_Work request_.
Each line that contains the word "information" counts once; give the total for the records below and nothing else.

Source data:

▬▬▬▬▬▬▬▬▬▬

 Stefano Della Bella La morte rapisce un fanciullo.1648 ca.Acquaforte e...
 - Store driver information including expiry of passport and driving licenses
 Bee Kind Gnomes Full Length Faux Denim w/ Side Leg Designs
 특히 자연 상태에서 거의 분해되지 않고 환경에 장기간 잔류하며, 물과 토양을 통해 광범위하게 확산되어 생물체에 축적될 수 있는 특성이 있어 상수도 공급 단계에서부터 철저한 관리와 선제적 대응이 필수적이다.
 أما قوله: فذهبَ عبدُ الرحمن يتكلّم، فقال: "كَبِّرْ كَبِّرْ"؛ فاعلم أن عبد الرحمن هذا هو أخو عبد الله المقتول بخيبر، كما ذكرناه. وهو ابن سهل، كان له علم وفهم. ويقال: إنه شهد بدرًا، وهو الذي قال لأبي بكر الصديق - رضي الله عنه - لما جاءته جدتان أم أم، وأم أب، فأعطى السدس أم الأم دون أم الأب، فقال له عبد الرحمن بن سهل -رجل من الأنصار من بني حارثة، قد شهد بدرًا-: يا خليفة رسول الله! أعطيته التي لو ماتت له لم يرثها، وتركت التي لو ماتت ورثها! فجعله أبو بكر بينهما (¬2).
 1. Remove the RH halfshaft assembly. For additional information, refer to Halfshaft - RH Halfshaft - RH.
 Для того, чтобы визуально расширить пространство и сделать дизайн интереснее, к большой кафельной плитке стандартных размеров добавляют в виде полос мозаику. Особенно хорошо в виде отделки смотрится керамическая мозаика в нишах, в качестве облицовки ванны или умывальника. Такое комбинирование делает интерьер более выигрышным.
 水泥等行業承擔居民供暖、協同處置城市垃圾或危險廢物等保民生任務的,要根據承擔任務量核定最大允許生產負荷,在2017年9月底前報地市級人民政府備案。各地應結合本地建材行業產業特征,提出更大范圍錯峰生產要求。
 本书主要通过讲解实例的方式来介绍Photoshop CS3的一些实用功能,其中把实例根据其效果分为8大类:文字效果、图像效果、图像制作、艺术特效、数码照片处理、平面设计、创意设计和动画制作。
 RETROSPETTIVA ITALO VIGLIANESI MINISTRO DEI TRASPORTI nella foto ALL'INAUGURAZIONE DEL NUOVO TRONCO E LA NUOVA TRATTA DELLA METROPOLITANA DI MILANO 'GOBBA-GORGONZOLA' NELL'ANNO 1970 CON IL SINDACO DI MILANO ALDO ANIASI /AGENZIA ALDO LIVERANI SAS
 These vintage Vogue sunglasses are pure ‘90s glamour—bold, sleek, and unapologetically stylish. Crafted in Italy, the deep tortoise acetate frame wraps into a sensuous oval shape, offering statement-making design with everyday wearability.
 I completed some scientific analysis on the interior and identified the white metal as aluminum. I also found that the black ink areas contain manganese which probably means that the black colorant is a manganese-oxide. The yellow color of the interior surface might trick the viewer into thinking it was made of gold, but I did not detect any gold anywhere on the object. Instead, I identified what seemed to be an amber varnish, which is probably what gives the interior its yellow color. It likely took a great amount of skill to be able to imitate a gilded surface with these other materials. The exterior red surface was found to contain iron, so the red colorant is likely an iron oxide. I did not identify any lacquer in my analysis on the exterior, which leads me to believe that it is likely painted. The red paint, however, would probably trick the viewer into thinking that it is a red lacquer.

▬▬▬▬▬▬▬▬▬▬

_Response to the task_.
2